Girod, alors assistant sur La curée de Roger Vadim (1967), devient ami avec le grand Michel Piccoli à la faveur du tournage. Des années plus tard, il lui file le script adapté du roman homonyme de Solange Fasquelle qu’il a coscénarisé avec le marseillais Jacques Rouffio, très proche du fait-divers pour connaître personnellement des témoins du fait-divers. A une époque de scandale assumé et de liberté artistique fièrement brandie, Piccoli flaire le potentiel, en parle à sa copine Romy (après tout, ils viennent de tourner dans Max et les ferrailleurs de Claude Sautet en 1971), lui refile le scénario sur le tournage de Un amour de pluie de Jean-Claude Brialy en 1974. Romy le lit, glacée, et demande à rencontrer ce jeune cheval fou de Girod pour savoir s’il sera capable de mettre en scène une histoire aussi dégénérée. Au moment de leur rencontre, comme il le racontait en 1994 dans une émission de radio, Romy loue l’humour noir du scénario dans la description des Français, rappelle que les Allemands ne partagent pas cette forme d’humour (elle demande donc une exception culturelle pour son personnage) et demande à jouer un contraste froid.
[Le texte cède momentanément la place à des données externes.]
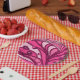 A Daliesque print, this abstract pink painting by Tina Kafantaris features twisted, melted lines segmented into three panels. A vibrant surrealist print that would look great on a number of products. Get yours today!
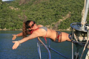 Later that evening we had a very nice dinner and more people got involved in the group afterwards. Still though, it wasn’t a great bunch, you could just feel the lack of atmosphere in the air. At one point one of the english girls asked another in a very serious tone ‘Is there a lot of fat in pineapples?’. Oh dear. We had been sailing the whole day and had banked in the dark, but the next day we would see the beauty of the Whitsundays.
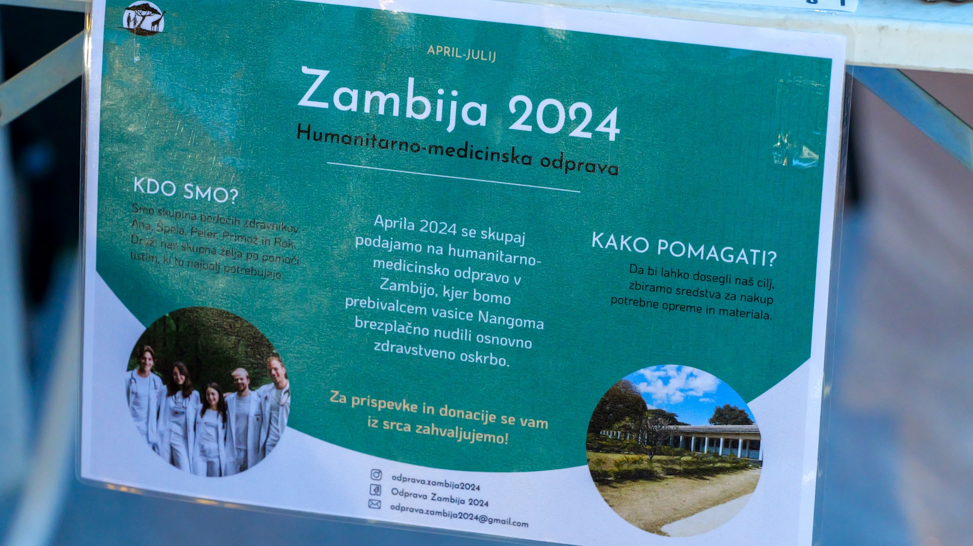 Ker kljub temu, da imamo kot župnija svoje težave in izzive, skušamo vseeno ostajati odprti tudi za tiste ljudi, ki jim gre slabše kot nam, bomo prihodnjo nedeljo dopoldan gostili pet absolventov medicine – to so Ana Janeva, Špela Berič, Rok Štrubelj, Primož Burkat in Peter Janežič. Od aprila 2024 do vključno junija 2024 odhajajo na humanitarno-medicinsko odpravo v naselje Nangoma v Zambiji. Tja se odpravljajo pod okriljem Sekcije za tropsko in potovalno medicino pri Slovenskem zdravniškem društvu.
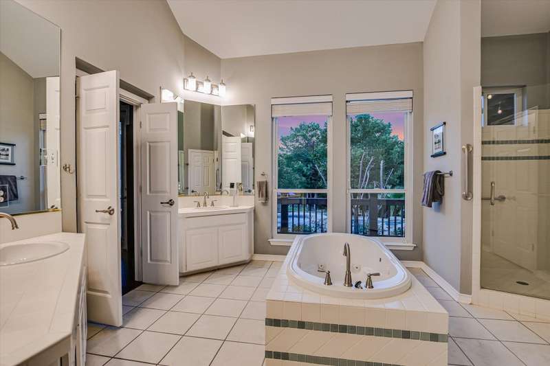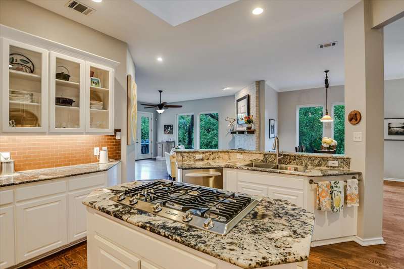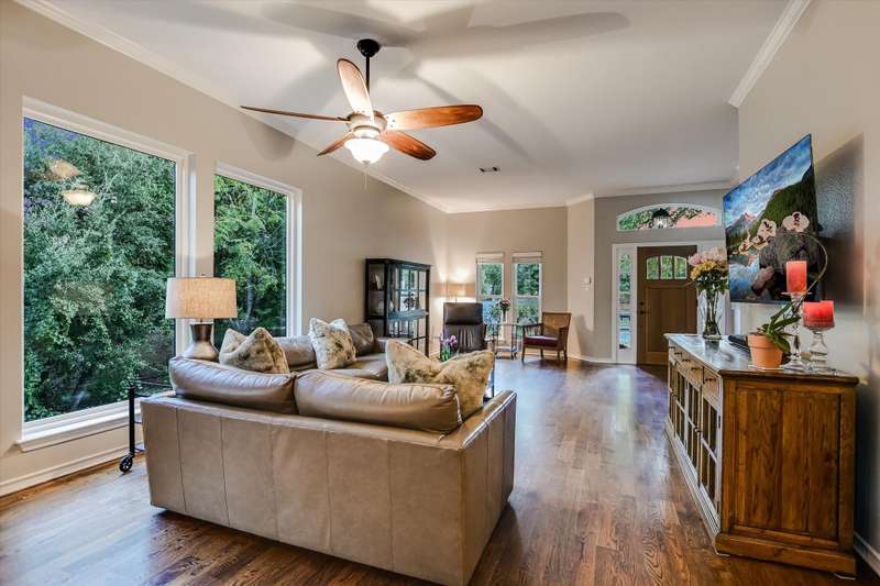 Well-maintained and updated home on iconic Mount Bonnell Rd, bordering the Bright Leaf Preserve with grandfathered private park and Lake Austin access via Mount Bonnell Shores Colorado Crossing park--no HOA dues required. Upgrades include a custom 6' stone wall with gated entry, extended paver driveway, and 8' garage extension. Inside features hardwood flooring, open living/dining, updated kitchen with gas cooktop, white cabinetry, and double ovens. Primary suite opens to a full-length back deck leading to a resurfaced pool/spa (2021). Spa-like primary bath, built-ins in living room, and updated lighting throughout.

Girod juge la remarque pertinente et pour définitivement la convaincre, plein d’assurance, ose une plaisanterie sur ce que ce film pourrait représenter dans sa carrière : «Le trio infernal, c’est le suicide de Sissy». Une phrase qui achèvera de la convaincre. Romy, qui n’hésite pas à révéler ses gouffres dans les années 70 (L’important c’est d’aimer de Zuzu, entre autres), se révèle impériale dans ce jeu de massacre. Son investissement n’est pas la seule qualité de ce film boucher, viscéralement chaos. Il faut le voir pour le croire.